TM - No seu entender o que é que, digamos assim, impede a saída em breve do seu tão aguardado trabalho?
IM - É uma longa história. Talvez você tenha paciência para a ouvir, mas eu não tenho paciência para a contar.
TM - Dito de outra maneira: o que é que lhe falta escrever?
IM - Tudo.
TM - Tudo?!
IM - Sim, onde é que está o espanto? Um livro antes de ser publicado tem que ser escrito. Antes de ser escrito tem que ser pensado. Eu sei que muitas vezes não chega a ser pensado, mas esse não é o meu método. Eu penso uma história, investigo, acumulo elementos, escrevo esboços, reescrevo e só na fase em que já estou farto de reescrever é que considero a obra terminada. Digamos que termino por desistência. Porque estou farto, porque não posso mais.
TM - Foi assim com os seus primeiros livros?
IM - Hum... Não sei, já não me lembro. Embora pareça que foi ontem não me lembro dos pormenores. Aliás, não há coisa que me aborreça mais do que os pormenores. Perdemos demasiado tempo com pormenores. Hoje é assim que eu escrevo.

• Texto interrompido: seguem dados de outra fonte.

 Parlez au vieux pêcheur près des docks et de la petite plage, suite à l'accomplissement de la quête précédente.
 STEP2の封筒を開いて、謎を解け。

TM - Isso quer dizer que está a meio de um texto e está à espera de se aborrecer na respectiva reescrita e por isso não é capaz de prever uma data para esse cansaço...

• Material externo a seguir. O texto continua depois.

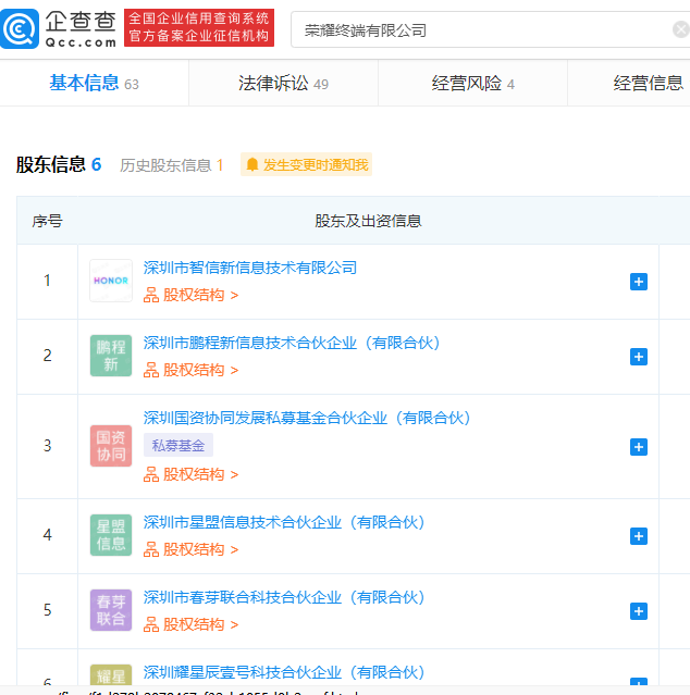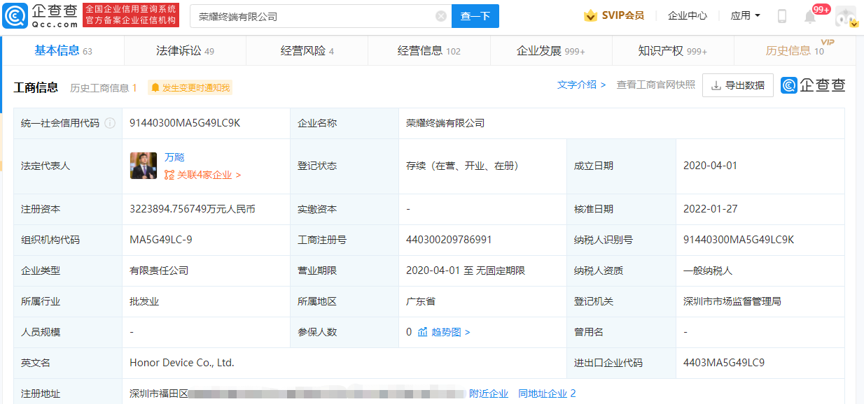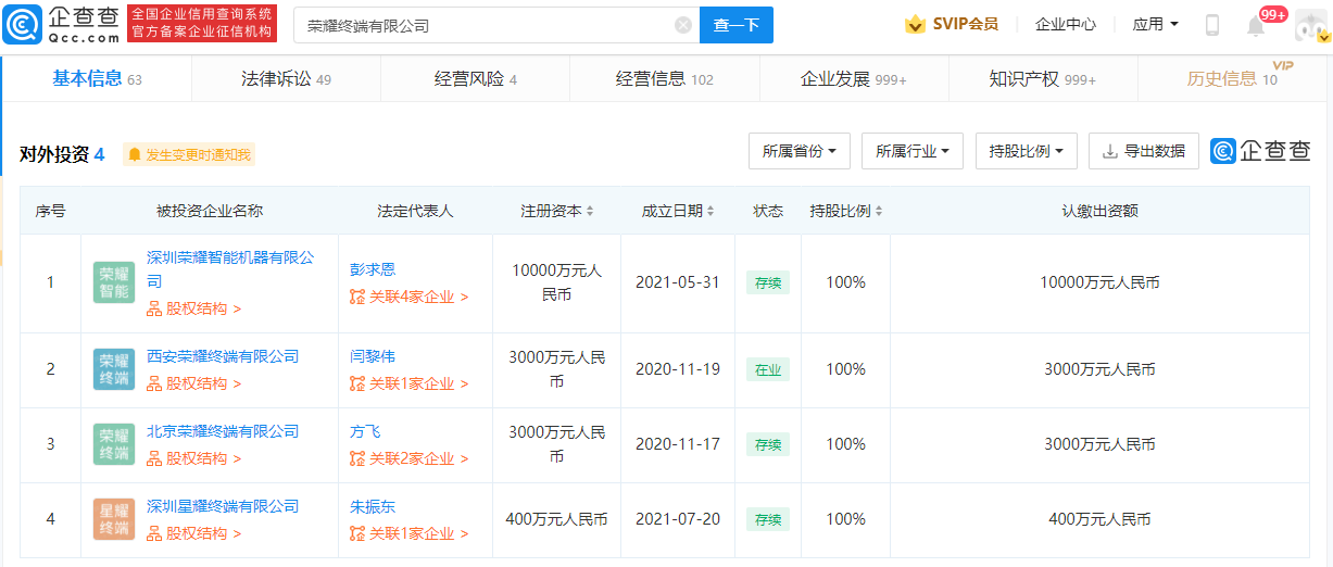企查查 App 显示,荣耀终端有限公司成立于 2020 年 4 月,法定代表人为万飚,注册地位于深圳市福田区。2020 年 11 月,华为投资控股有限公司退出该公司股东行列。企查查 App 显示,荣耀终端有限公司当前对外投资企业共 4 家,注册地分布在深圳、西安、北京三地。

IM - Nada disso. Ainda nem o comecei a pensar. Como sabe iniciei recentemente um relação amorosa muito intensa e absorvente. A Cátia é uma mulher muito exigente e a minha ex-mulher não é menos. Tem sido uma luta titânica com os elementos para conseguir levar a bom termo esta tarefa. Ainda sou do tempo em que se fazia uma coisa de cada vez para que ela ficasse bem feita. Quando este passo estiver dado passarei a outro. É este o andamento natural da história. Se fazemos concessões no processo artístico, acabamos irremediavelmente a reescrever não o que criamos mas o que outros criaram.
TM - Em mil novecentos e sessenta e seis publicou, em edição de autor, "Volúpia de uma andorinha". Tinha dezasseis anos e o livro foi recebido com grande entusiasmo...
IM - Dezassete. Tinha dezassete anos.
TM - A nota do Diário de Notícias (DN) fala em dezasseis anos...
IM - Foi a minha mãe. Sempre teve dificuldade com as datas. Ainda hoje me trata como se eu tivesse doze anos. Não tenho nenhuma explicação para isso. Mas não é por mal. A esta distância tanto faz. Dezasseis, dezassete. Se fosse hoje já teria algumas medalhas de campeão de futebol. Não há diferença nenhuma. Hoje não deixaria que a minha mãe interferisse no meu processo criativo. Mas nessa altura era menor.
(continua)
Torcato Matos
4 comentários:
Fogo!
'tou farta disto, Zumbido!
Rifa lá o Torcato e dá a vez a outro. Manda o Ivo Cação escrever e eu prometo vir fazer comentários com nível.
Fausta, vou tentar falar com o Ivo para ver se ele escreve alguma coisa. Parece que a ausência da Chris lhe tira a inspiração. Quanto ao Torcato deixa-o estar: alguém tem que fazer o trabalho difícil.
Gosto do título da primeira obra, muito sugestivo :D
Foi uma pena ele ter-se metido com o mulherio que lhe tira o tempo... Mas ele pode publicar o que tem escrito, do género "notas do meu moleskine" (agora essa onda anda a dar)
Cara MRF, não estou a imaginar o Dr. Isidro Medário de moleskine na mão. Escrita bamboleante ao sabor da inspiração e do acaso não parece ser o seu género. É mais seguro vê-lo oito horas seguidas em frente a um teclado gastando os dois indicadores a reescrever pela centésima vez uma frase até que ela se pareça com uma onda do mar.